I have recently been thinking about how metadata surfaces in SFDX projects and how we might be able to simplify the experience. One thing that bothers me is that there is tons of redundancy with the -meta.xml files. For example, a project with 50 Apex classes will have 50 -meta.xml files that are almost always exactly the same. This makes things like changing the API version for every class cumbersome. Additionally, it means that rather than right clicking a folder and creating a new MyClass.cls file to create an Apex class you either have to use the CLI or copy and paste a bunch of XML from another class.

With these problems in mind I have started to experiment with how we might make this a more modern and enjoyable development experience. Before we dive in, please keep in mind that this is a prototype. I am putting this out there mainly to get feedback and see if this is worth investing additional time. This is definitely not fully baked, so please let me know what you think.

So to begin let me explain how the process will work. Then I will show you how you can set this up in your own project (again, warning about being a prototype.)

Normally, with an SFDX project you have a source folder that contains the files that make up your project and that you are directly editing. These files are used to push to your scratch org or to create a package.

For this project, I am going to change the above pattern a bit. Instead of considering our source folder to be the finalized representation of our product, we are going to change it to be the “preprocessed” source. We will do a build using Gulp that will transform the raw source into “SFDX” source and create an out folder. The out folder is what will be used to push and build packages. The out folder will not be added to our git repo as it is generated.

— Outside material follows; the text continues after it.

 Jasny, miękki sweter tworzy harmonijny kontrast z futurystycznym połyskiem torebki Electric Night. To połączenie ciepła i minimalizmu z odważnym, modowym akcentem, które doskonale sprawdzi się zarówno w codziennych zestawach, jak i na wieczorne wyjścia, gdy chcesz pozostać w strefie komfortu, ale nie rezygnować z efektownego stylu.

So our project structure will look like this.

/config
/data
/out
/src
sfdx-project.json

So what this all means is that we can eliminate a bunch of duplicate -meta.xml files from our source. For example this is the Dreamhouse classes folder when using this utility, no -meta.xml files are required next to the Apex classes.

Dreamhouse Classes

Setup Your Project

Next, you will see how to configure this utility in your own project. Since we will be using Gulp, the first thing to do is create a package.json file and install gulp and gulp-rename. You can run the following commands to do so.

npm install gulp-cli -g
npm init
npm install gulp gulp-rename --save-dev

Next, install the prototype module that I created.

npm install gulp-sfdx-metadata --save-dev

Next, change the package path in your sfdx-project.json file to use the generated out folder.

"packageDirectories": [
  {
    "path": "out/main/default",
    "default": true
  }
]

Next, create a gulpfile.js at the root of your project and add the following contents.

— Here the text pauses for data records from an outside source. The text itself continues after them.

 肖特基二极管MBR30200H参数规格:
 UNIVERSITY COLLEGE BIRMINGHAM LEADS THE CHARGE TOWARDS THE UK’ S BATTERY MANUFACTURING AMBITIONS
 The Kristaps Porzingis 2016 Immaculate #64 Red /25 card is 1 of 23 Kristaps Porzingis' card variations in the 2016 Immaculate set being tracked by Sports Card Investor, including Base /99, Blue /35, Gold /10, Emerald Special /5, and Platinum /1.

const gulp = require("gulp");
const rename = require("gulp-rename");
const sfdxMetadata = require("sfdx-gulp-metadata");
const sfdxProject = require("./sfdx-project");

const output = sfdxProject.packageDirectories[0].path;
const src = "src/";

const defaults = {
  apiVersion: "39.0"
};

function addDefaultMetadata(options) {
  return function() {
    return gulp
      .src(`${src}${options.folder}/*.${options.extension}`)
      .pipe(
        sfdxMetadata({
          object: options.object,
          metadata: options.metadata
        })
      )
      .pipe(
        rename({
          suffix: "-meta",
          extname: ".xml"
        })
      )
      .pipe(gulp.dest(`${output}/${options.folder}`));
  };
}

gulp.task("copy", function() {
  return gulp.src("src/**/*").pipe(gulp.dest(output));
});

gulp.task(
  "class",
  addDefaultMetadata({
    folder: "classes",
    extension: "cls",
    object: "ApexClass",
    metadata: {
      apiVersion: defaults.apiVersion,
      status: "Active"
    }
  })
);

gulp.task(
  "trigger",
  addDefaultMetadata({
    folder: "triggers",
    extension: "trigger",
    object: "ApexTrigger",
    metadata: {
      apiVersion: defaults.apiVersion,
      status: "Active"
    }
  })
);

gulp.task(
  "page",
  addDefaultMetadata({
    folder: "pages",
    extension: "page",
    object: "ApexPage",
    metadata: {
      apiVersion: defaults.apiVersion,
      availableInTouch: false,
      confirmationTokenRequired: false,
      label: "${name}"
    }
  })
);

gulp.task("build", ["copy", "class", "trigger", "page"]);

You can see how in this file we are actually specifying default values for metadata that apply to every ApexPage, ApexTrigger, and ApexClass. Now you can go and delete all of the corresponding -meta.xml files for those objects.

In order to generate the output of your project before you push or create a package simply run the gulp build command as shown.

gulp build

This will generate your code to the out folder where it will have all the appropriate metadata files.

Next Steps

As I mentioned, this is a prototype. It shouldn’t be used in a real app. There are lots of things missing such as:

  • Ability to pull code and merge back into src
  • Ability to override metadata for specific objects
  • Simplify the gulpfile.js configuration
  • Testing of really any kind. :)

You can see the full source and example on Github.

So if you find this concept to be worthwhile let me know. What would you like to see this do? Does it make sense? Is it useful?